Right now, I'm sitting in Starbucks trying to recover from my evening. No, not partying. I spent the night with my (almost) 2 year old sleeping (aka tossing and turning and playing with my hair and picking at me) on me on the couch. I give you credit you co-sleeping parents. There's nothing like getting punched and kicked all night by a 25lb creature from another universe. Because honestly, in the middle of the night, kids are from another planet. Not only do they not grasp the concept of time, they have zero regard for anyone else. So because I spent the night (not) sleeping on the couch, my darling, angel 3 1/2 year old decided that 4:30 was a great time to break out of his room and grace his brother and me with his presence but promptly dropping a matchbox car on the floor while entering the living room. Needless to say, with my lack of sleep I was not a happy camper this morning... Which continued when I asked my midnight attacker to put his shoes on so we could leave the house- the boys to their grandma's and me to work. I get it kid, I really do, I hate shoes too. But it's 20 out and you need to wear them. And yes we're going to grandma's because I need to go to work, and no I don't care that you don't want to go because I don't want to go to work either. If my biggest issue in the morning was because I didn't want to go to work, I'd be pretty happy, but no, that's not my only worry.

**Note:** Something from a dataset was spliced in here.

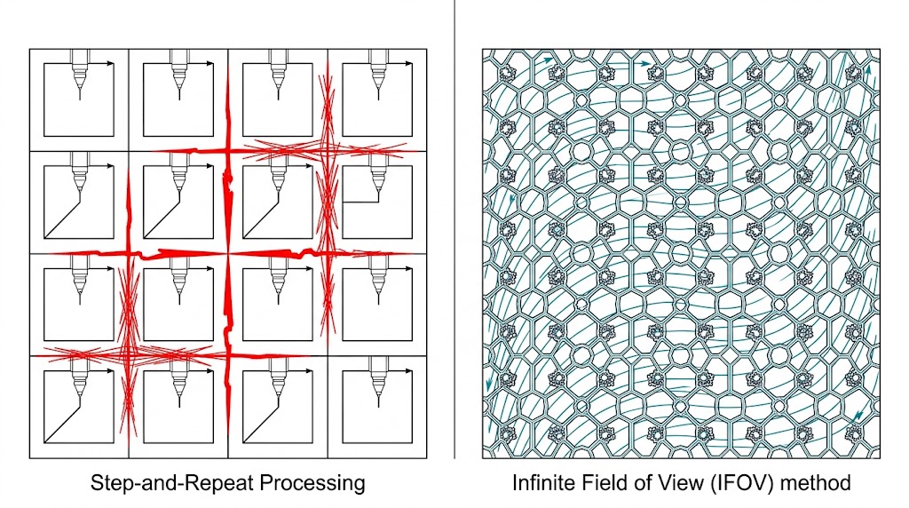 對比步進重複加工(左)在拼縫處產生的誤差(紅線),與無限視場方法(右)連續無縫大面積複雜圖案加工效果。

Everyone says that the second you become a parent your life changes. It does. But not in the way you think. You have these little people (or one little person) and they are now the center of your universe. Which is awesome. I'd tend to think of myself as a pretty independent person, I don't really require a lot of attention and usually don't need anyone to help in my day to day. With these little humanoid creatures I'm told I had a hand in creating, I am constantly needed, called, picked at, pulled at, but more importantly, told that I'm loved, hugged and once again needed. Not only have I become a personal servant to two little tyrants, I am the booboo kisser and the owie-make-better-er. You constantly have to worry if your kid(s) poop during the day, if they're getting enough to eat, if they're eating too much, are they growing, are the things they are doing normal? How long does teething really last? How much dirt can one kid really consume without internal organ failure? Is there some rare condition that can contract from dipping their ice cream cone in ketchup and bbq sauce- because ew. Am I messing you up in ways that are irreparable? Are you going to grow up to be a good person? I'm doing all that I can to make sure they grow up in an environment that encourages talking out our problems but some days, I just want to sit on the floor and cry just as long as they do... But parents are supposed to have self control, right? nah. We're just doing what we think is right. Don't get caught up in the facebook syndrome of comparing yourself and your life to others. What works for you might not work for everyone. Someone will always have something negative to say about the way you do things and anyone who tells you that parenting is a piece of cake is full of crap-o-la. What I wouldn't give to be a fly on the wall during their average day- I bet it's not all sunshine and unicorns. I too often watch others tear each other down, I'm an Instagram girl (@jenmiller23) and the amount of negative comments I see on other's photos is horrifying. I use mine to keep in touch, to share funny tidbits of my life. I'm not perfect, I'll never claim to be. I'm just doing what we're all doing - #wingingit.
I want this blog to be about my craft but it will probably contain a lot of antics about my kids, my life, my thoughts on the world with possibly a little bit of crafting mixed in. Let's all just spread the love and not worry about what we look like to others. Let's celebrate other's achievements and be on board when people make life changing decisions rather than just openly and harshly criticize. I just want to make things that make people happy and be the best mom that I can be. That's not too much to ask, is it?